狗蛋赶忙说:“好啦,下回见了宋福,我一定打死他。”满嘴的点心屑子,看上去甭提多威武了。
宋青山看了半天,换了两大把的糖出来,一人剥了一颗,放俩孩子嘴里了,还特地声名:“不是说我这个大大小器,从现在开始,一年当中,宋福他甭想再吃我一颗糖。”
狗蛋和驴蛋才不理这个便宜爸爸呢。
宋青山叉腰站了会儿,出去打水,洗脸洗脚去了。
不过,甭看他行动上热络的不得了,跟只窝家的仓鼠似的,恨不能天天往家里搬好东西,但在行动上,戒备心强着呢。

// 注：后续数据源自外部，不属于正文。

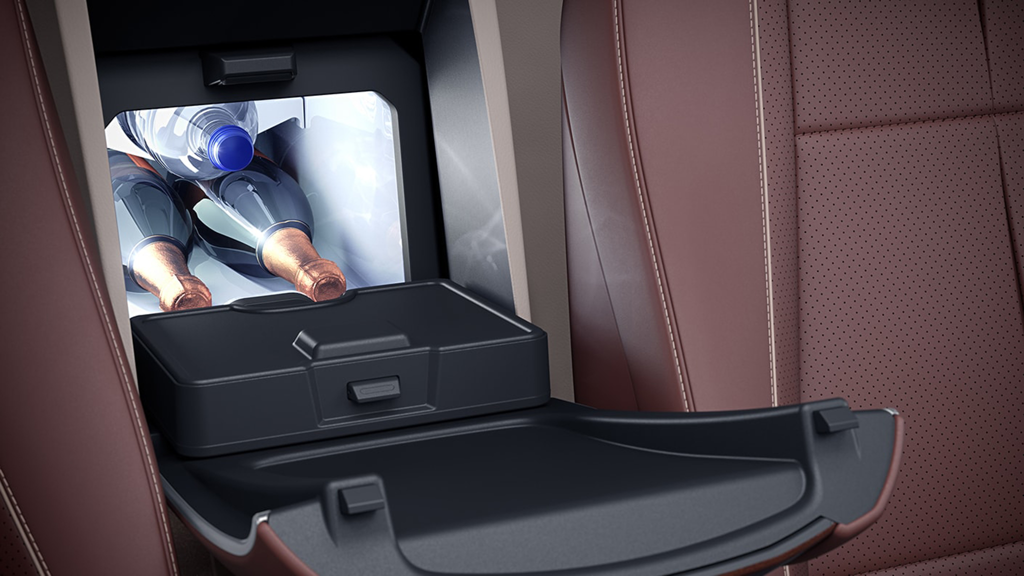 Below the optional seat-back-mounted rear infotainment screens are the $1,800 pullout folding trays, much like on an airplane, with a rubberized surface so you can sip bubbly safely while listening to the 27-speaker Burmester surround-sound audio system. The trays can be positioned in portrait or landscape configuration, making the pair more convenient for work or play. A charging pad is available for your devices.

如今天还热,他喊了驴蛋出去,倒水,站在水井旁给自己冷水冲澡呢。
男人嘛,关起院子来,只穿一个大裤衩子。
孩子站在台阶上给他头上浇水,哗啦啦的,水顺着肌肉蜿蜒的背往下淌着呢,不愧是当基建兵的,身材可真好的,两条腿又直又长,简直了,跟模特似的。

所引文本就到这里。